Sydney - Oil traded near $50 a barrel after the biggest slide in four days as investors weighed forecasts for slowing US crude output against signs that the market is oversupplied.
Futures were little changed in New York after a 5.4 percent loss on Tuesday. The Energy Information Administration reduced its US production outlook as the price slump curbed drilling activity. The nation’s crude stockpiles probably increased again last week from highest in more than three decades, a Bloomberg News survey showed before a separate EIA report on Wednesday.
Volatility is close to the highest in six years as US crude stockpiles expand while a record number of drilling rigs are pulled off the nation’s oil fields. Crude may resume its slide as continuing US output growth leads to a “dramatic” increase in inventories, according to Vitol Group, the world’s largest independent oil trader.
“Oil rising to above $50 is a reaction to prices declining too far too fast,” Andy Sommer, an analyst at Axpo Trading AG in Dietikon, Switzerland, said by phone. “We expect the fundamentals will worsen on further oversupply and push onshore physical storage capacity to its limit, and prices will retreat in the next couple of weeks.”
West Texas Intermediate for March delivery fell 6 cents to $49.96 a barrel in electronic trading on the New York Mercantile Exchange at 9:54 a.m. London time, having earlier risen as much as $1.12. The contract dropped $2.84 to $50.02 on Tuesday. Prices have decreased 6.2 percent this year.
Brent for March settlement fell 51 cents, or 0.9 percent, to $55.92 a barrel on the London-based ICE Futures Europe exchange. It slid $1.91 to $56.43 on Tuesday. The European benchmark crude traded at a premium of $5.88 to WTI.
The CBOE Crude Oil Volatility Index, which measures fluctuations using options of the US Oil Fund, advanced to 59.29 on Tuesday, the first gain in three days. It ended at 63.14 on February 5, the highest level since April 2009.
US production will increase by 7.8 percent to 9.3 million barrels a day this year, the fastest pace since 1972, the EIA said in its monthly report on Tuesday. That’s down 10 000 barrels a day from its January projection.

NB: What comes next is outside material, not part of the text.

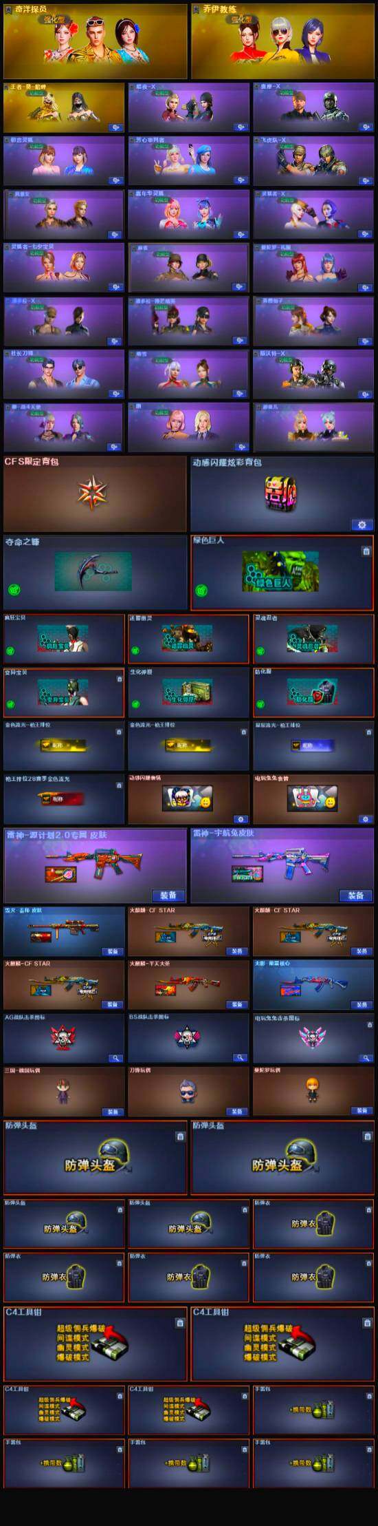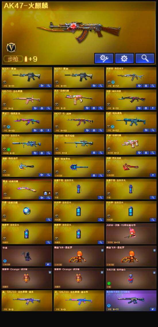 【英雄级武器】:M200-竞技荣光,擎天-竞技荣光,高爆手雷-竞技荣光*2,烟雾弹-竞技荣光*2,闪光弹-竞技荣光*2,烈火-动感闪耀,天神-动感闪耀,屠龙-动感闪耀,手雷-动感闪耀,QBZ03-金色蔷薇,白虎-电玩蓝兔,无影-神兵利器,M4A1-雷神*2,AK47-火麒麟,黑武士-锦绣游龙,超新星-热带奇洋,AK-47-猩红传说*4,AK47-B-战神,龙啸-热带奇洋

US oil drillers cut the number of rigs in service by a record 435 to 1,140 in the nine weeks ended February 6, data from Baker Hughes Inc. showed. That’s the lowest total since December 2011. The decline remains short of a level needed to balance the market, according to Damien Courvalin, a New York-based analyst at Goldman Sachs Group.
“It’s very difficult to be sure you’ve seen the bottom, particularly when in the US production is still going up,” Ian Taylor, the chief executive officer of Vitol, said in an interview in London on Tuesday. “We think there are going to be quite dramatic builds in stock for the next few months.”
Crude inventories probably expanded by 3.75 million barrels in the week ended February 6, according to the median estimate in a Bloomberg survey of analysts. Supplies rose the prior four weeks to reach 413.1 million barrels.
Stockpiles climbed by 1.6 million barrels last week, the American Petroleum Institute said on Tuesday, reports on Twitter showed. The industry group in Washington collects information on a voluntary basis from operators of refineries, bulk terminals and pipelines. The government requires that data be filed with the EIA, the Energy Department’s statistical arm.